| Prompt |
Could you restate the entries below word for word and leave the images out?

- Opening Delimiter -

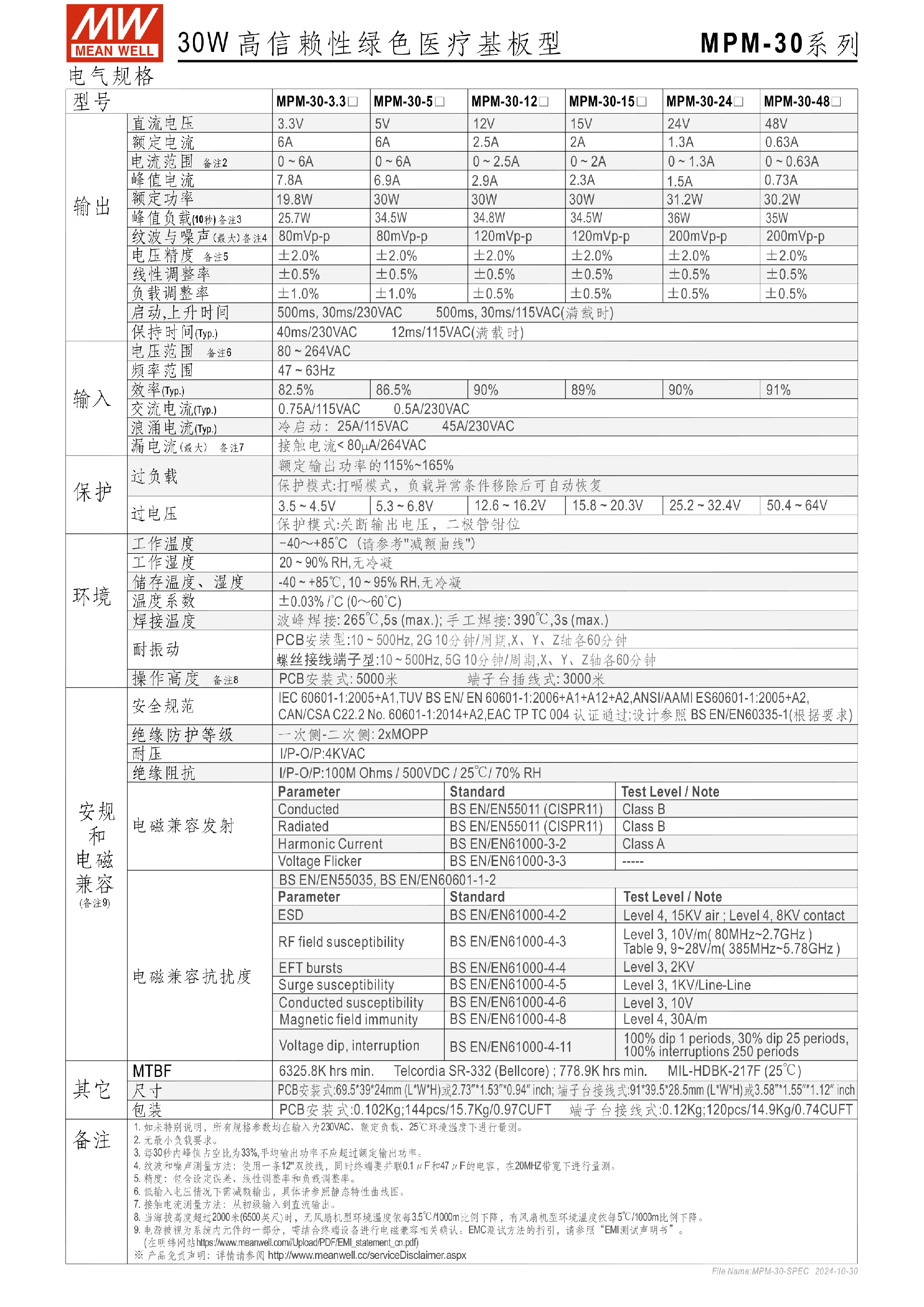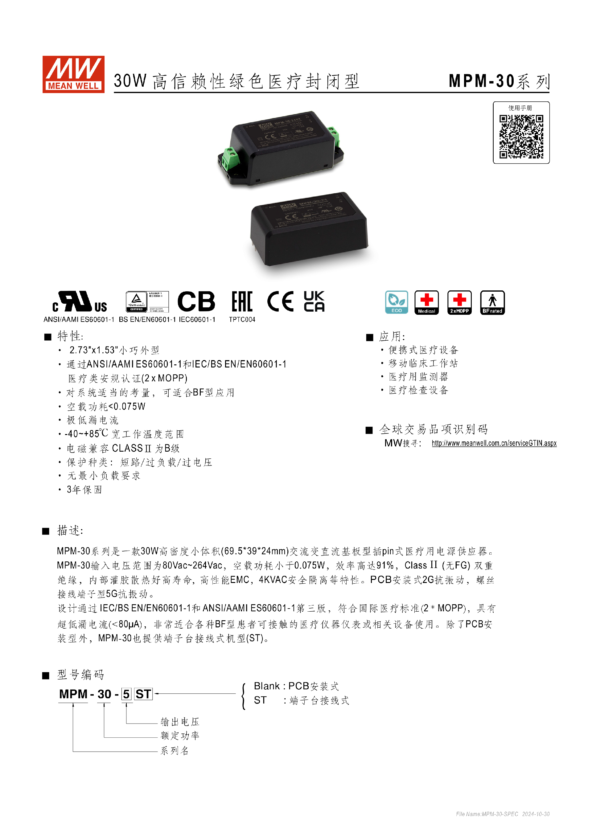 臺(tái)灣明緯MPM-30系列醫(yī)療封閉型電源
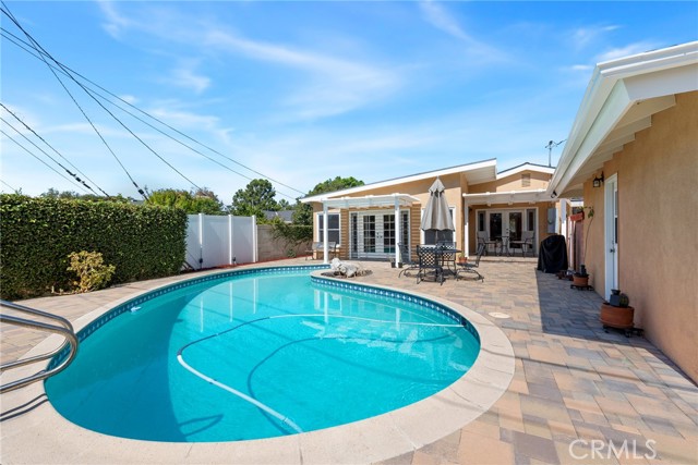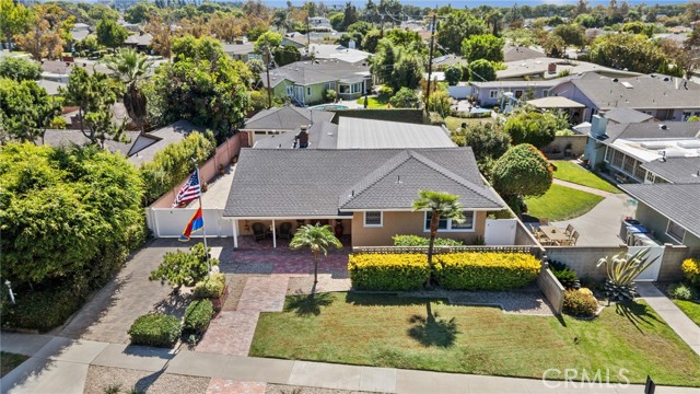 Welcome to this stunning residence in the highly sought-after Floral Park neighborhood of Santa Ana! Step inside and experience timeless appeal with modern convenience. This beautifully maintained home features original hardwood floors, a spacious open floor plan, and fresh interior paint. The inviting living and dining are enhanced by skylights that fill the space with natural light and a cozy fireplace that adds warmth and elegance. The family room offers a comfortable setting for gatherings, complete with built-in bookcases that add character and functionality. The kitchen, showcasing elegant Caesarstone countertops, premium appliances, slate flooring, and abundant wood cabinetry. The home’s layout provides privacy and comfort, featuring well-appointed bedrooms with window shutters, a Jack-and-Jill bathroom, and a second full bath with bathtub. A convenient laundry area adds practicality to daily living. Additional highlights include central air conditioning for year-round comfort. Step outside to enjoy the best of Southern California living — a low-maintenance backyard with pavers and a sparkling swimming pool, perfect for relaxing or entertaining. The long driveway offers ample parking and leads to a detached two-car garage. Nestled in the heart of Floral Park, one of Santa Ana’s most beautiful and historic neighborhoods, this home is surrounded by tree-lined streets, classic architecture, and a strong sense of community. Enjoy nearby parks, charming cafes, and local events that make this community one of the most desirable places to live.
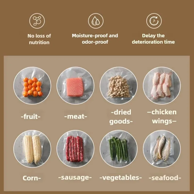 1️⃣ مضاعفة مدة الحفظ 5 مرات: بفضل تقنية سحب الهواء (Vacuum)، تقوم الآلة بإزالة الأكسجين تماماً من الكيس، مما يمنع نمو البكتيريا والعفن، ويحافظ على طعم، ولون، وقيمة الطعام الغذائية لفترات طويلة جداً.
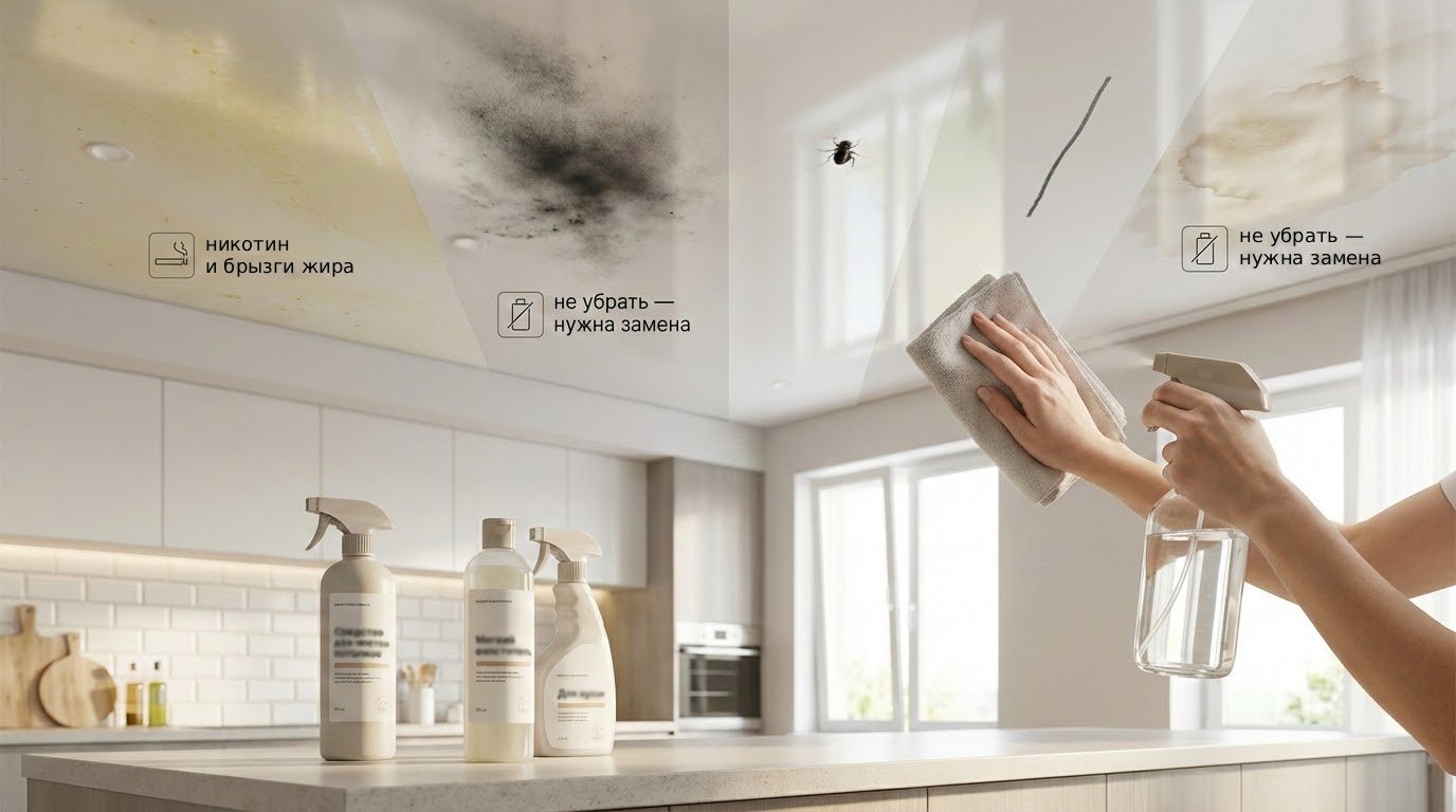 Сложные пятна на натяжном потолке чаще всего появляются из-за жира и копоти на кухне, никотина, насекомых, детских рисунков и протечек. Для ПВХ допустима аккуратная влажная чистка, для ткани — только щадящая точечная обработка, иначе останутся ореолы и деформация.
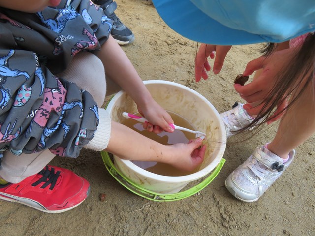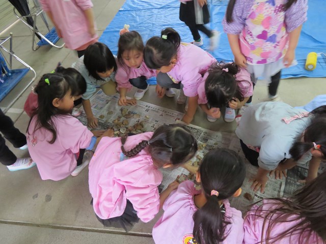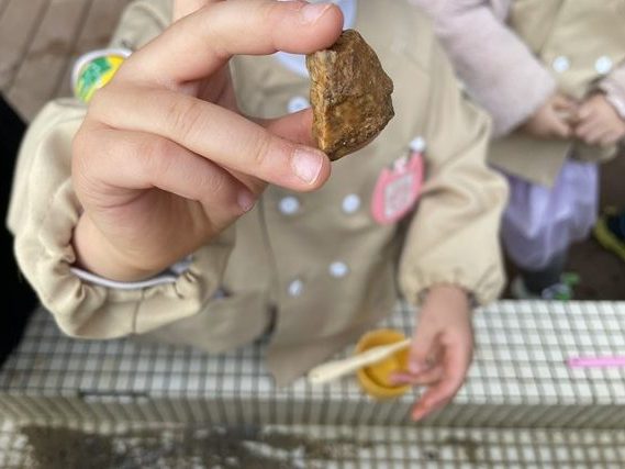 「何してるの?」「私もやりたい。」年少組さんから年長組さんまで混じり合って、化石仲間の輪が広がりました。

- Closing Delimiter -

| Exercise result |
 臺(tái)灣明緯MPM-30系列醫(yī)療封閉型電源
 Welcome to this stunning residence in the highly sought-after Floral Park neighborhood of Santa Ana! Step inside and experience timeless appeal with modern convenience. This beautifully maintained home features original hardwood floors, a spacious open floor plan, and fresh interior paint. The inviting living and dining are enhanced by skylights that fill the space with natural light and a cozy fireplace that adds warmth and elegance. The family room offers a comfortable setting for gatherings, complete with built-in bookcases that add character and functionality. The kitchen, showcasing elegant Caesarstone countertops, premium appliances, slate flooring, and abundant wood cabinetry. The home’s layout provides privacy and comfort, featuring well-appointed bedrooms with window shutters, a Jack-and-Jill bathroom, and a second full bath with bathtub. A convenient laundry area adds practicality to daily living. Additional highlights include central air conditioning for year-round comfort. Step outside to enjoy the best of Southern California living — a low-maintenance backyard with pavers and a sparkling swimming pool, perfect for relaxing or entertaining. The long driveway offers ample parking and leads to a detached two-car garage. Nestled in the heart of Floral Park, one of Santa Ana’s most beautiful and historic neighborhoods, this home is surrounded by tree-lined streets, classic architecture, and a strong sense of community. Enjoy nearby parks, charming cafes, and local events that make this community one of the most desirable places to live.
 1️⃣ مضاعفة مدة الحفظ 5 مرات: بفضل تقنية سحب الهواء (Vacuum)، تقوم الآلة بإزالة الأكسجين تماماً من الكيس، مما يمنع نمو البكتيريا والعفن، ويحافظ على طعم، ولون، وقيمة الطعام الغذائية لفترات طويلة جداً.
 Сложные пятна на натяжном потолке чаще всего появляются из-за жира и копоти на кухне, никотина, насекомых, детских рисунков и протечек. Для ПВХ допустима аккуратная влажная чистка, для ткани — только щадящая точечная обработка, иначе останутся ореолы и деформация.
 「何してるの?」「私もやりたい。」年少組さんから年長組さんまで混じり合って、化石仲間の輪が広がりました。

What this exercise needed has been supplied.